------ Provided data ------
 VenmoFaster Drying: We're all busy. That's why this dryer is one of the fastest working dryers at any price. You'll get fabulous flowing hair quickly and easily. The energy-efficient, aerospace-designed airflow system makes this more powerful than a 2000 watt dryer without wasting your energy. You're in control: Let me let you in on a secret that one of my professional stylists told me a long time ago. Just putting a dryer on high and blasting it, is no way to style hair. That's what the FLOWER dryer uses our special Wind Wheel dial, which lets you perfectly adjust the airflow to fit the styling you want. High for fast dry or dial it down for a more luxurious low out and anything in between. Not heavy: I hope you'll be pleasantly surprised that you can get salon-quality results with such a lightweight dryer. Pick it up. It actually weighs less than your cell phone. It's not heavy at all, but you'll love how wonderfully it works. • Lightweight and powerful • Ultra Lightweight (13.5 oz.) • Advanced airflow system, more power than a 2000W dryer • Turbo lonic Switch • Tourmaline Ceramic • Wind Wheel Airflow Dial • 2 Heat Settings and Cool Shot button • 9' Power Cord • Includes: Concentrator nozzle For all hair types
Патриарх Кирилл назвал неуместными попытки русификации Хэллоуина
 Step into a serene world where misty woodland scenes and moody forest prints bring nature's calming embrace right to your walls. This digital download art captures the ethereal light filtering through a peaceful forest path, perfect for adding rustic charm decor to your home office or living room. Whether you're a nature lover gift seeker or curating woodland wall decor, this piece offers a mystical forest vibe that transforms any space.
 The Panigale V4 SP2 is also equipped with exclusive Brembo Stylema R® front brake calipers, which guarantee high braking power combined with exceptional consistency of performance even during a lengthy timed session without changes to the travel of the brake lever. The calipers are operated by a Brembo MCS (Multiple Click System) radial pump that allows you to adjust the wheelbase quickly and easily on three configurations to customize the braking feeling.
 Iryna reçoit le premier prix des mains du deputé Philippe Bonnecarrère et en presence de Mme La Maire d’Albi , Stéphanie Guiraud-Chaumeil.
------
— What this task involves —
Would you transcribe the entire listing above without any deviation?

— Output of the task —
 VenmoFaster Drying: We're all busy. That's why this dryer is one of the fastest working dryers at any price. You'll get fabulous flowing hair quickly and easily. The energy-efficient, aerospace-designed airflow system makes this more powerful than a 2000 watt dryer without wasting your energy. You're in control: Let me let you in on a secret that one of my professional stylists told me a long time ago. Just putting a dryer on high and blasting it, is no way to style hair. That's what the FLOWER dryer uses our special Wind Wheel dial, which lets you perfectly adjust the airflow to fit the styling you want. High for fast dry or dial it down for a more luxurious low out and anything in between. Not heavy: I hope you'll be pleasantly surprised that you can get salon-quality results with such a lightweight dryer. Pick it up. It actually weighs less than your cell phone. It's not heavy at all, but you'll love how wonderfully it works. • Lightweight and powerful • Ultra Lightweight (13.5 oz.) • Advanced airflow system, more power than a 2000W dryer • Turbo lonic Switch • Tourmaline Ceramic • Wind Wheel Airflow Dial • 2 Heat Settings and Cool Shot button • 9' Power Cord • Includes: Concentrator nozzle For all hair types
Патриарх Кирилл назвал неуместными попытки русификации Хэллоуина
 Step into a serene world where misty woodland scenes and moody forest prints bring nature's calming embrace right to your walls. This digital download art captures the ethereal light filtering through a peaceful forest path, perfect for adding rustic charm decor to your home office or living room. Whether you're a nature lover gift seeker or curating woodland wall decor, this piece offers a mystical forest vibe that transforms any space.
 The Panigale V4 SP2 is also equipped with exclusive Brembo Stylema R® front brake calipers, which guarantee high braking power combined with exceptional consistency of performance even during a lengthy timed session without changes to the travel of the brake lever. The calipers are operated by a Brembo MCS (Multiple Click System) radial pump that allows you to adjust the wheelbase quickly and easily on three configurations to customize the braking feeling.
 Iryna reçoit le premier prix des mains du deputé Philippe Bonnecarrère et en presence de Mme La Maire d’Albi , Stéphanie Guiraud-Chaumeil.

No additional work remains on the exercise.